REQUIRED ACTION -
Leave out the pictures and output exactly the lines below from the one with "羽越本線に「ひなび」が初入線" down to the one with "Endpapers with discolouration", both of them included.

DATASET RECORDS -
........
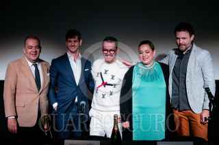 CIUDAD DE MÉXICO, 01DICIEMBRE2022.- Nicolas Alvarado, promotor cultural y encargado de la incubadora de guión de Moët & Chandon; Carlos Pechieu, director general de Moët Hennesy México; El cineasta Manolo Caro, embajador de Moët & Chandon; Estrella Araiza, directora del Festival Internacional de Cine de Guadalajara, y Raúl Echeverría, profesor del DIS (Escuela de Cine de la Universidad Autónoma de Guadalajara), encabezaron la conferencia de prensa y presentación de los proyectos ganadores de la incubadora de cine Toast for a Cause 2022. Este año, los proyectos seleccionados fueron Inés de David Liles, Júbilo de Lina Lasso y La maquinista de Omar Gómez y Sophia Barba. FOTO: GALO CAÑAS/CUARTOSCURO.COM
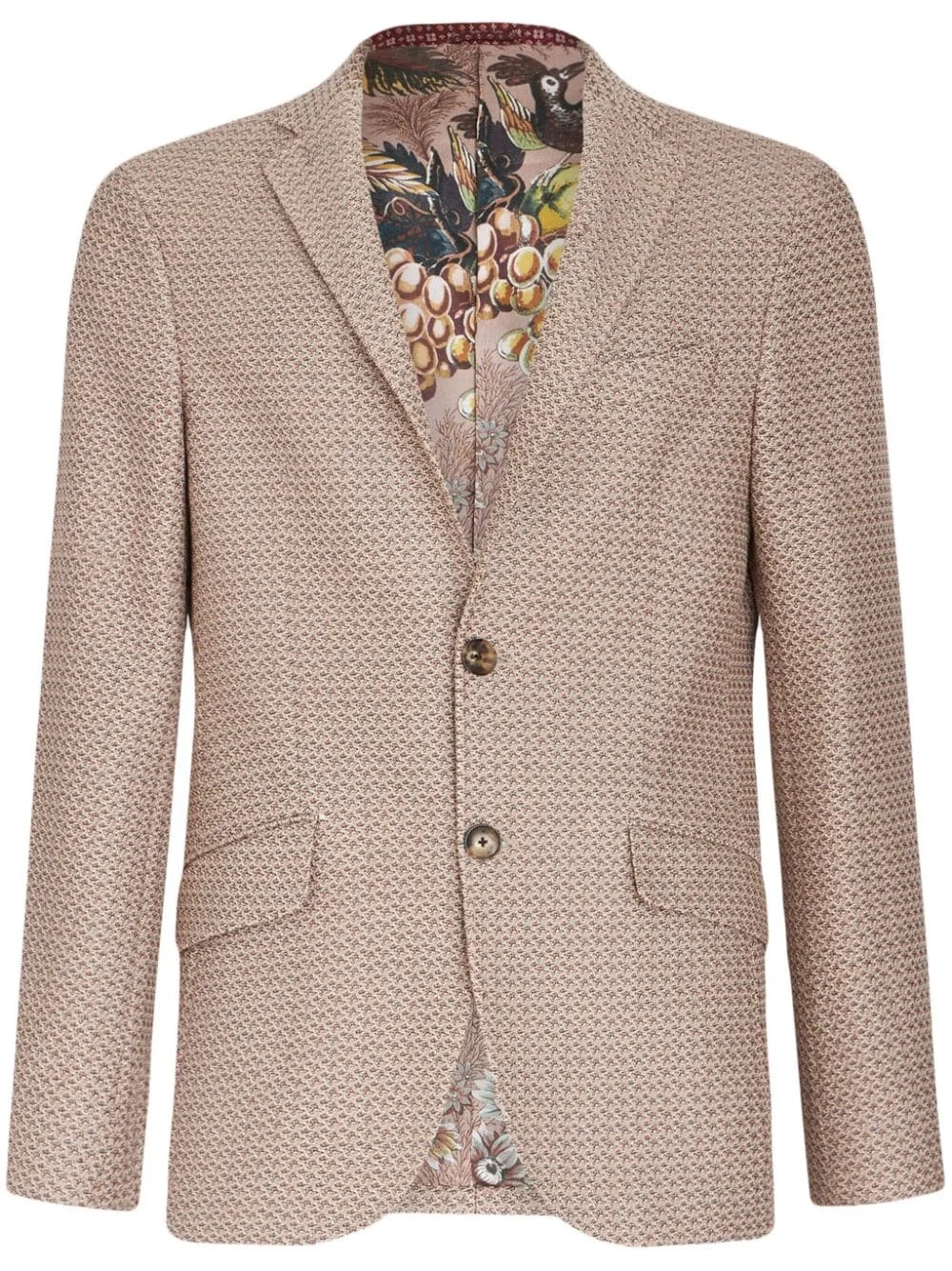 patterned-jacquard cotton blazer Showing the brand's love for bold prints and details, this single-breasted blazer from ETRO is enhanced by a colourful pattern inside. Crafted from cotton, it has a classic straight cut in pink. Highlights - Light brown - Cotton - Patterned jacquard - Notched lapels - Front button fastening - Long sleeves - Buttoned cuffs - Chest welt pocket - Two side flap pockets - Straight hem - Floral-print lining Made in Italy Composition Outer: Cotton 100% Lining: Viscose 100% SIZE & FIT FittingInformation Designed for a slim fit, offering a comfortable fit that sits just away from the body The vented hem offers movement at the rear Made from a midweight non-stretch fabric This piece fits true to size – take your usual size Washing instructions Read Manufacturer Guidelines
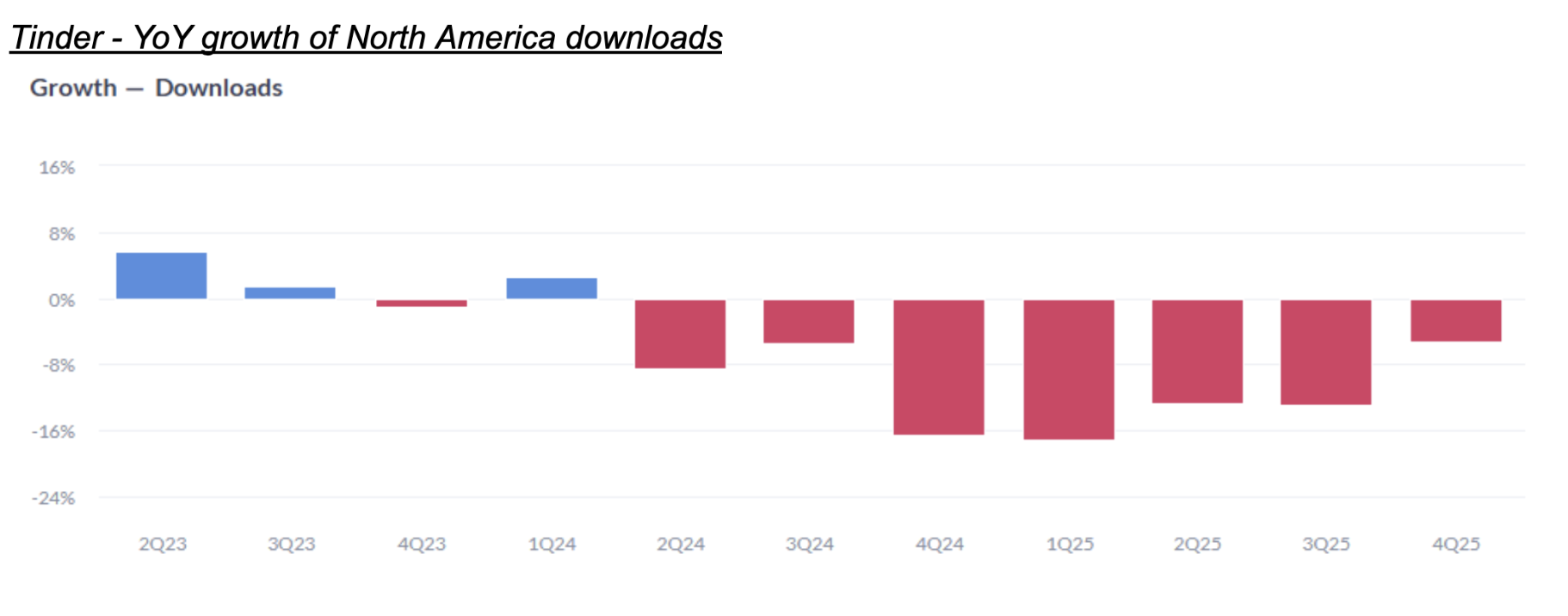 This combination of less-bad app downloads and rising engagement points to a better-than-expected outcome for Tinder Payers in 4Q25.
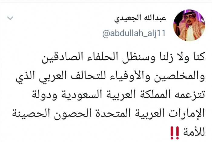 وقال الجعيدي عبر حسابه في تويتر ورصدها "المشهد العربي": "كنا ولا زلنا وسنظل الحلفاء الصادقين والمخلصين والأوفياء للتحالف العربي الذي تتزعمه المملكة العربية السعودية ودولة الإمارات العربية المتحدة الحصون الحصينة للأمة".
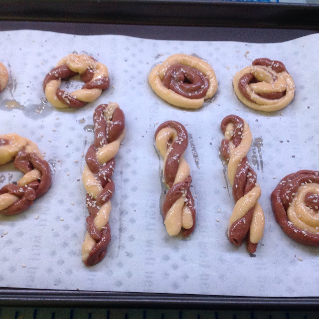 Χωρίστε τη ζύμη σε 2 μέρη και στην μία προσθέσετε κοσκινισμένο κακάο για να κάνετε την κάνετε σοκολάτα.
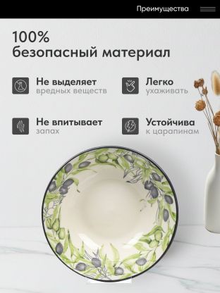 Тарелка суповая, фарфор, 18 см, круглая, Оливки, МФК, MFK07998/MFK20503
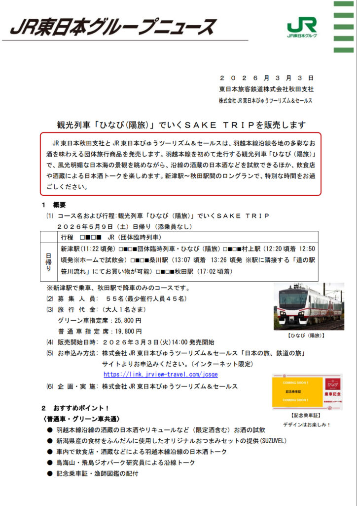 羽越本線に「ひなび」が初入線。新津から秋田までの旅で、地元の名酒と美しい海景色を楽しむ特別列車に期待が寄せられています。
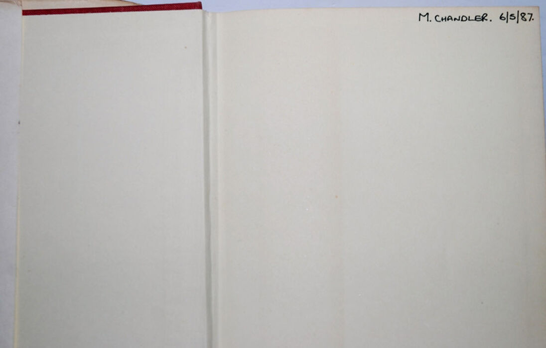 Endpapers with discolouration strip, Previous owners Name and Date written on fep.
........
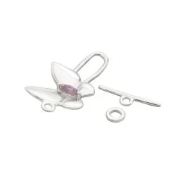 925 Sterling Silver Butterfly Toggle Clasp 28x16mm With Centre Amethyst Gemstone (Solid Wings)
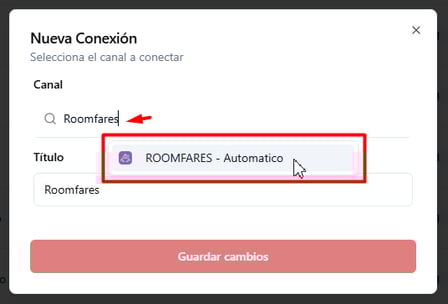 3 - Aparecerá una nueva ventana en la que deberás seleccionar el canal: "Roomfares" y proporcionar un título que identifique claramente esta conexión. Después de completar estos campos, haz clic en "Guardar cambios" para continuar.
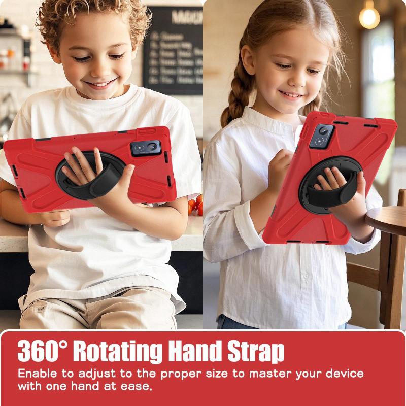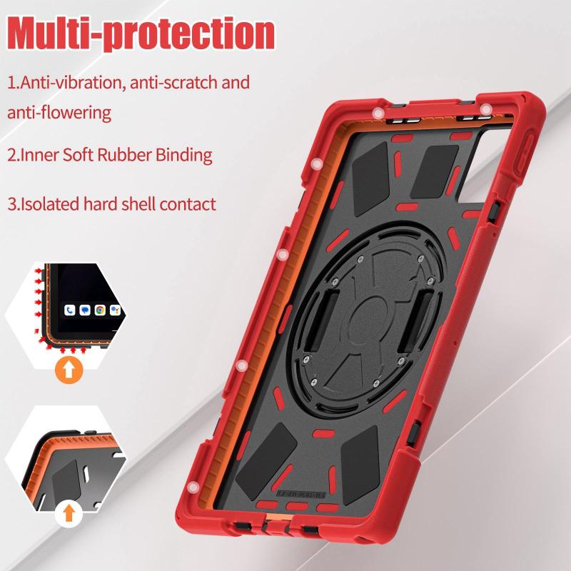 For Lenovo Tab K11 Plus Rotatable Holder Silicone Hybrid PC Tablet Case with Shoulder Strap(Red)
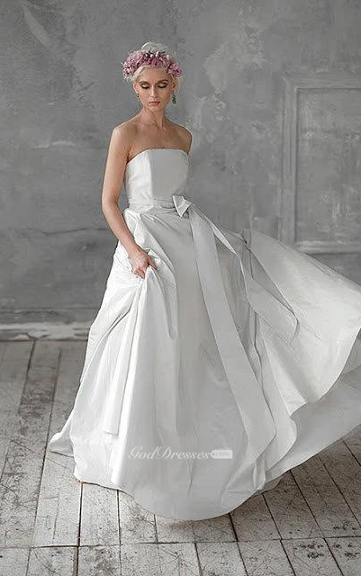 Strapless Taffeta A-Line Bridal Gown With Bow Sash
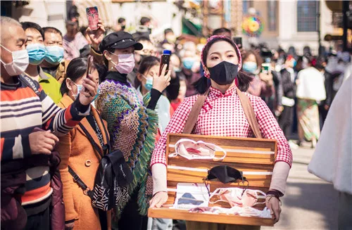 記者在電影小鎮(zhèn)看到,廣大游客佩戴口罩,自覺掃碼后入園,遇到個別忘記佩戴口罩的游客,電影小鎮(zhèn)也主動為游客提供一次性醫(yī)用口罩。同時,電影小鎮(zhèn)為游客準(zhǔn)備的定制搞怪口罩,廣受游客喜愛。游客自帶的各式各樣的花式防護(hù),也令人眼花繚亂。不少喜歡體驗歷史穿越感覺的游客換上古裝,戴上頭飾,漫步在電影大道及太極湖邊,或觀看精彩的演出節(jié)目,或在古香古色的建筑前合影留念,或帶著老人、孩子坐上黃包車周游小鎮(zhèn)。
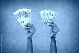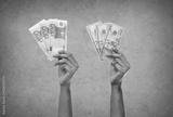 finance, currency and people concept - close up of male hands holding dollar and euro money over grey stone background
........
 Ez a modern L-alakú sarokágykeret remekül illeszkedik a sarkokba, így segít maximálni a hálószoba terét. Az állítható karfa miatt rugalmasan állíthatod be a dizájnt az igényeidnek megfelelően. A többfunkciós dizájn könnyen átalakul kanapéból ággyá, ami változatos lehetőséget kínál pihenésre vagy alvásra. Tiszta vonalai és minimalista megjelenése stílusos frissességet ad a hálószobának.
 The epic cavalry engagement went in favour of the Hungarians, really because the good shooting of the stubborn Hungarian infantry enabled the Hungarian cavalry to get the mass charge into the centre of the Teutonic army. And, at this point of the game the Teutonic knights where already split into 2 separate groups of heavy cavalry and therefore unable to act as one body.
........
RESPONSE -
 羽越本線に「ひなび」が初入線。新津から秋田までの旅で、地元の名酒と美しい海景色を楽しむ特別列車に期待が寄せられています。
 Endpapers with discolouration strip, Previous owners Name and Date written on fep.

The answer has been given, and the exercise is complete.